We must stop the narrative of women in politics as rarities and stop placing them on a pedestal of progressiveness, it's not something to be celebrated, and this is not making them any more electable. It is inhibiting their ability to be taken seriously because it is essentializing their gender and painting a lens of radicalism that precludes mainstream appeal. We are behind, and the advancement of female candidates, among other underrepresented minorities, can bring us closer to where we should be in the present, but it’s laughable to think it would make us progressive.
By painting women in governmental positions of power, like Justice Ginsburg or AOC as superheroes, we’re patting ourselves on the back for nothing. These women are laudable, but by categorizing them as such, we are stripping them of their humanity and holding them to an impossible standard of mythology and superheroism. This is an effect mirrored by many minority groups, where any person who “rises above their circumstances” is not seen as having been able to overcome systemic oppression but just as “lucky” or “chosen” falsely presenting as if the mechanisms for achieving power are working, rather than making us acknowledge how much that person had to overcome just to get to where they are today, and what they still are forced to endure.
So long as the declaration of independence proclaims “Governments are instituted among Men, deriving their just powers from the consent of the governed,” we are at issue.

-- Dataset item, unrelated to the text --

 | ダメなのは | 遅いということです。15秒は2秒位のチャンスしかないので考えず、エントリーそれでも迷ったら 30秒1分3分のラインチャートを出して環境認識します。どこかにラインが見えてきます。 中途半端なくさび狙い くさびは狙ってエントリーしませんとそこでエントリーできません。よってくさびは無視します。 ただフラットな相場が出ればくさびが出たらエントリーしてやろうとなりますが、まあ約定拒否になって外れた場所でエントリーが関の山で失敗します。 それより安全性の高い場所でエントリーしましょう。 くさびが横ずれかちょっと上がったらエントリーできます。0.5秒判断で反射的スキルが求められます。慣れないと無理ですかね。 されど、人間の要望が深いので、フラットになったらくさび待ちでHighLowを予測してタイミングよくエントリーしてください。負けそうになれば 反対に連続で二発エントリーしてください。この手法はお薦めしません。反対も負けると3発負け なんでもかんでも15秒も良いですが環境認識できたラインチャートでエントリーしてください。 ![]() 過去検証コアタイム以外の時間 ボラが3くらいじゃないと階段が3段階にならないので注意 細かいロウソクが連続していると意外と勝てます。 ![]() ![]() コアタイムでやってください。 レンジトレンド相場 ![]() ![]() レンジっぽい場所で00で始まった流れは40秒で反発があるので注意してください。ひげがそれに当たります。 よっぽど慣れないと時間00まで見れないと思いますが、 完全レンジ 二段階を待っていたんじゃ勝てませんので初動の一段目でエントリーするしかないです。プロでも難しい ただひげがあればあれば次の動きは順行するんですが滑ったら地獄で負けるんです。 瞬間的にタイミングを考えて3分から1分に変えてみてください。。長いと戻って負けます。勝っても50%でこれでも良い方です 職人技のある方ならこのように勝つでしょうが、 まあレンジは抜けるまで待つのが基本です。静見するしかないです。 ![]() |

From a legal perspective, we are not bound to this document, it isn't legislation, but it sets forth the spirit with which to read our constitution and origin story. If we took its use of the word Men to be gender-neutral, as we’re meant to believe it is being used today, the government cannot legitimately fulfill the promise of deriving its power from the consent of the government when women, BIPOC, LGBTQIA+, and incarcerated people have to jump through hoops to have their voices heard. If we take it at face value, that it is referring only to men, (historically, white land-owning men), we arrive at the same problem of illegitimate leadership, just more directly.
So before you “stand with Her,” call AOC a “boss bitch”, or don a “Notorious RBG” hoodie, consider the mechanisms of power that contribute to our current political landscape. Recognize the pitfalls of whitewashed liberalism and/or white feminism and how these serve as booby traps barring genuine societal advancement.

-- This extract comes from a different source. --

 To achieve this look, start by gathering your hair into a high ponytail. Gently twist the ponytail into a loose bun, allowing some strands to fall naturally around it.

It is time for women in politics, it has been well-past time, and it is time for women belonging to more than one systematically disadvantaged and or marginalized groups to be able to come to power. These candidates cannot be discounted because they are “sassy,” “unprofessional”, or “uneducated,” these very words when used against women and BIPOC women in particular refer to historical phrenological pseudosciences of the “humors,” “hysteria” and eugenics. For if a male candidate expressed the same fierce emotion, jargon-free campaign speech, or humble background that would cause us to say such things about a woman, we would call the man “assertive”, “in-touch” or “relatable.”

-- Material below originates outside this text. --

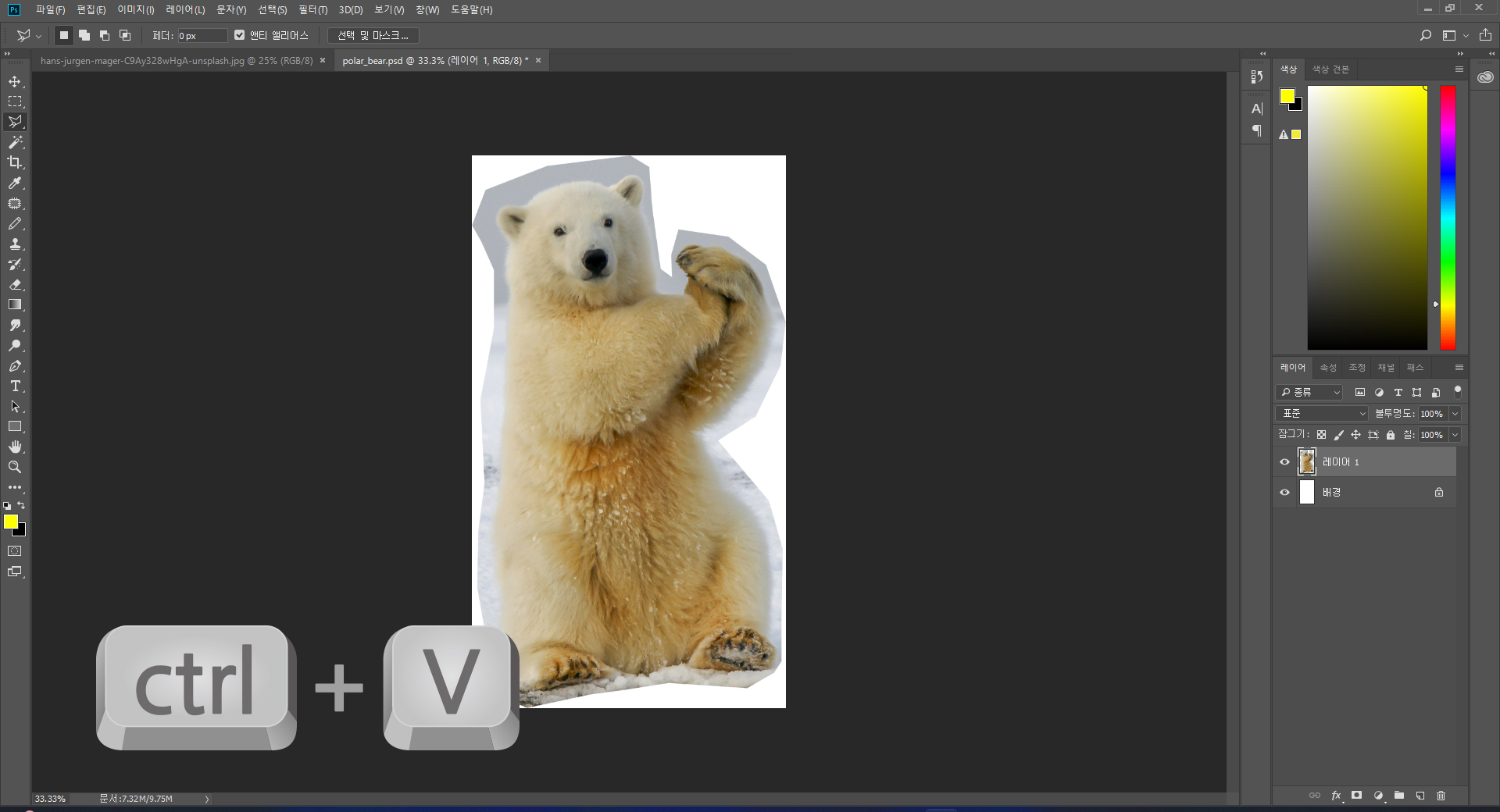 1. 북극곰 이미지를 불러와 누끼다기

It is an election year, America, and there is no longer time to have a woman in the oval office this cycle, but progress requires action and action requires dedication. In the next four years, and for all the years to come, if we want to strive to form a “more perfect union,” we must diversify our legislative branch and executive positions for our own sake. If the definition of our democracy is “by and for the people,” then the faces of those in power must look more like the faces of those who are affected by power.